Start of Block

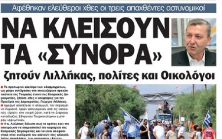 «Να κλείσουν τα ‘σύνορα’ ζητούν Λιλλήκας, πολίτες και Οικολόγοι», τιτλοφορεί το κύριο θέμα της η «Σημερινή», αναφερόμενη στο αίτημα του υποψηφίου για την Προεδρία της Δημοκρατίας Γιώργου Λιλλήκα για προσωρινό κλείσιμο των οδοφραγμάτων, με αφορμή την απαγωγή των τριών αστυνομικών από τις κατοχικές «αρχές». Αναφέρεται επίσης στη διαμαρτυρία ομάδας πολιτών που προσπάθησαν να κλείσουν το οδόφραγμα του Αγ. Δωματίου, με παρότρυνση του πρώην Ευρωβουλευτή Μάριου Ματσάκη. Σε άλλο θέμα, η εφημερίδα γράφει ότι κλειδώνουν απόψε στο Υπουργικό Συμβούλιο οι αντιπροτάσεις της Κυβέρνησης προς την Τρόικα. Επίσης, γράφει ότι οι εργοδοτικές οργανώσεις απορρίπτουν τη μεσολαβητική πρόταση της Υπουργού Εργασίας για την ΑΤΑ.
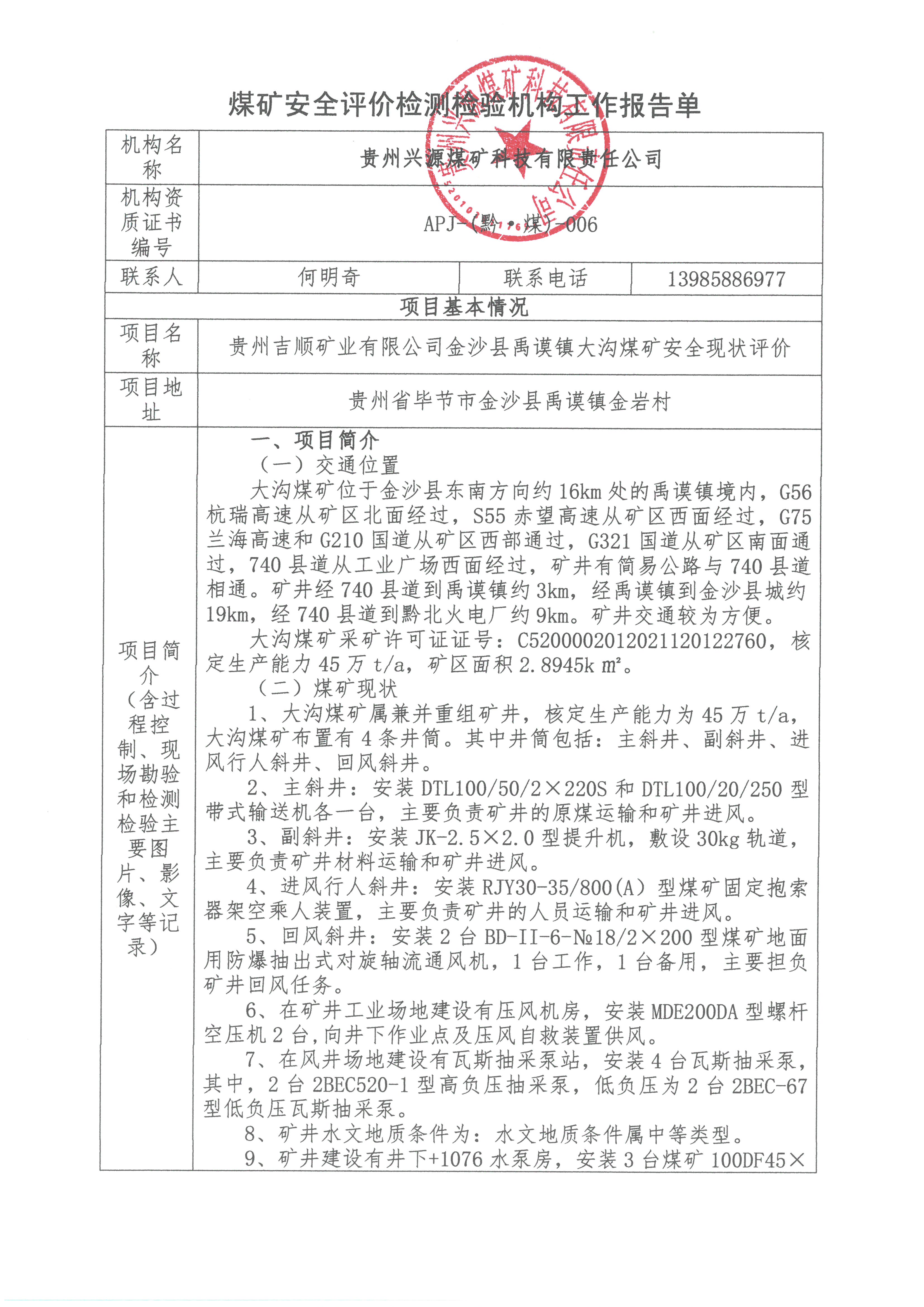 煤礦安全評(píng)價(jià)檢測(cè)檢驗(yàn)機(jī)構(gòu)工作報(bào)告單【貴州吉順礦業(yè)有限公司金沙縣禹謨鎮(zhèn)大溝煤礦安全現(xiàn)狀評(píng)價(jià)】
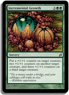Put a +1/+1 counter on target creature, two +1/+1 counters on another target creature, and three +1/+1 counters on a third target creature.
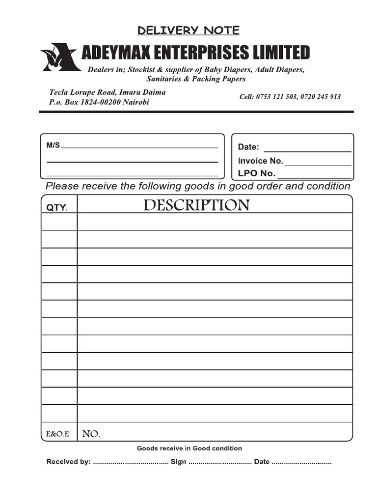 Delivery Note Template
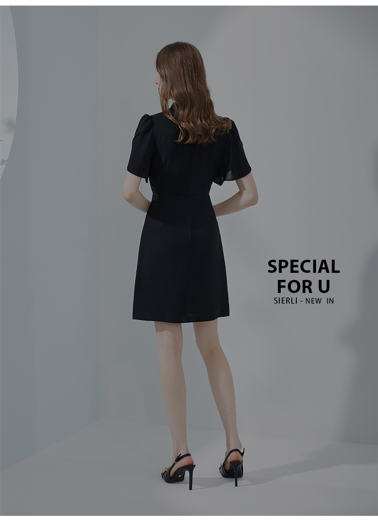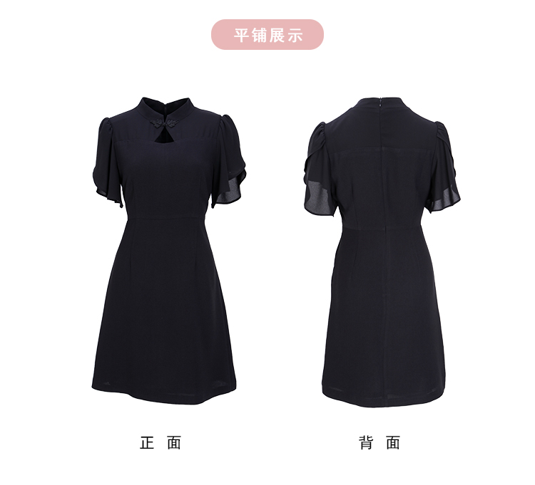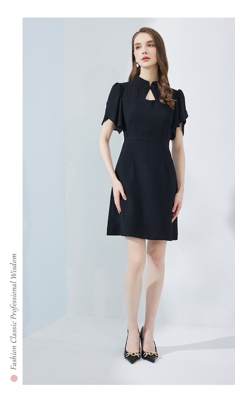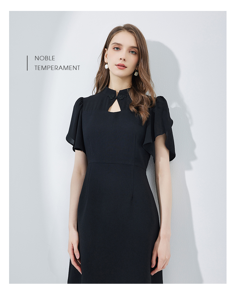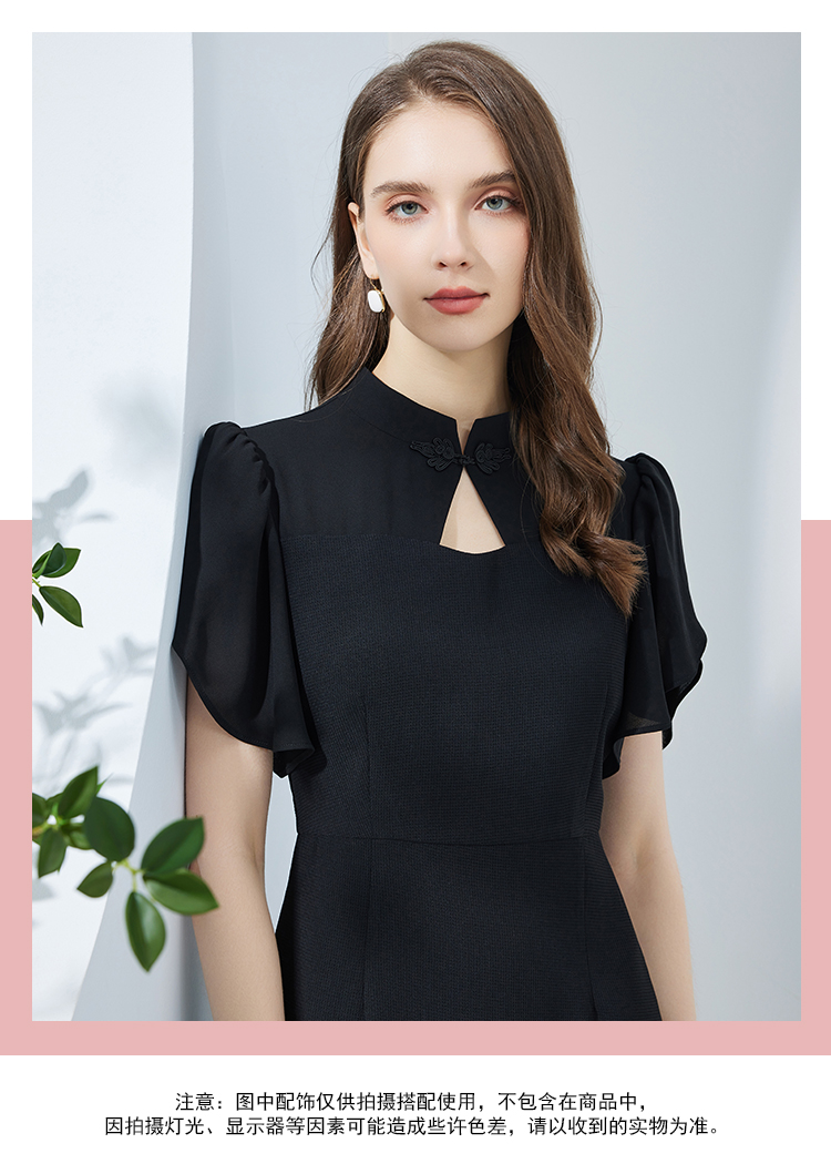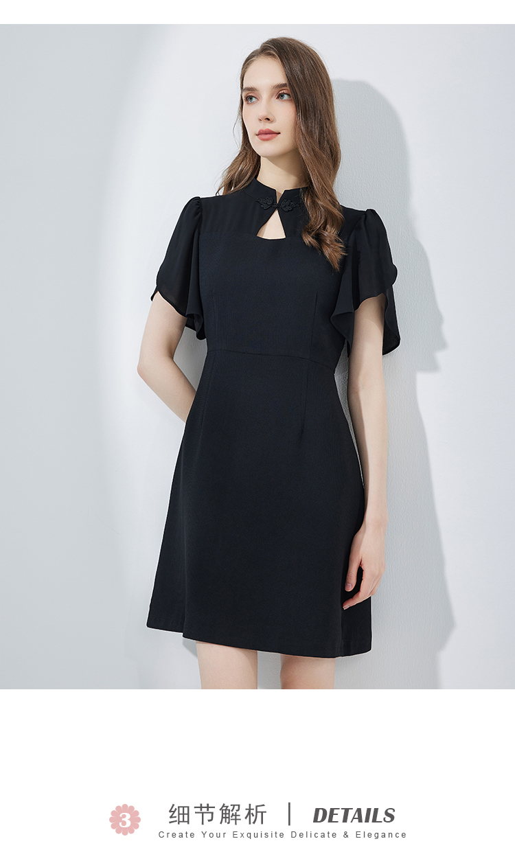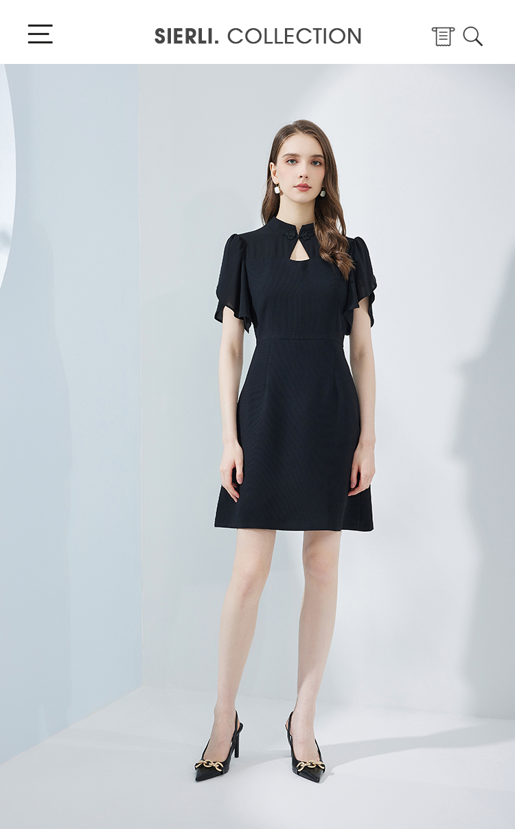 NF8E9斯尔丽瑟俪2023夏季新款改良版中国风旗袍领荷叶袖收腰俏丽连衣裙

End of Block

**Exercise description**
If a line falls between the first line of the records above and the line containing "煤礦安全評(píng)價(j", inclusive, retype it exactly; leave pictures out.

**Written solution**
 «Να κλείσουν τα ‘σύνορα’ ζητούν Λιλλήκας, πολίτες και Οικολόγοι», τιτλοφορεί το κύριο θέμα της η «Σημερινή», αναφερόμενη στο αίτημα του υποψηφίου για την Προεδρία της Δημοκρατίας Γιώργου Λιλλήκα για προσωρινό κλείσιμο των οδοφραγμάτων, με αφορμή την απαγωγή των τριών αστυνομικών από τις κατοχικές «αρχές». Αναφέρεται επίσης στη διαμαρτυρία ομάδας πολιτών που προσπάθησαν να κλείσουν το οδόφραγμα του Αγ. Δωματίου, με παρότρυνση του πρώην Ευρωβουλευτή Μάριου Ματσάκη. Σε άλλο θέμα, η εφημερίδα γράφει ότι κλειδώνουν απόψε στο Υπουργικό Συμβούλιο οι αντιπροτάσεις της Κυβέρνησης προς την Τρόικα. Επίσης, γράφει ότι οι εργοδοτικές οργανώσεις απορρίπτουν τη μεσολαβητική πρόταση της Υπουργού Εργασίας για την ΑΤΑ.
 煤礦安全評(píng)價(jià)檢測(cè)檢驗(yàn)機(jī)構(gòu)工作報(bào)告單【貴州吉順礦業(yè)有限公司金沙縣禹謨鎮(zhèn)大溝煤礦安全現(xiàn)狀評(píng)價(jià)】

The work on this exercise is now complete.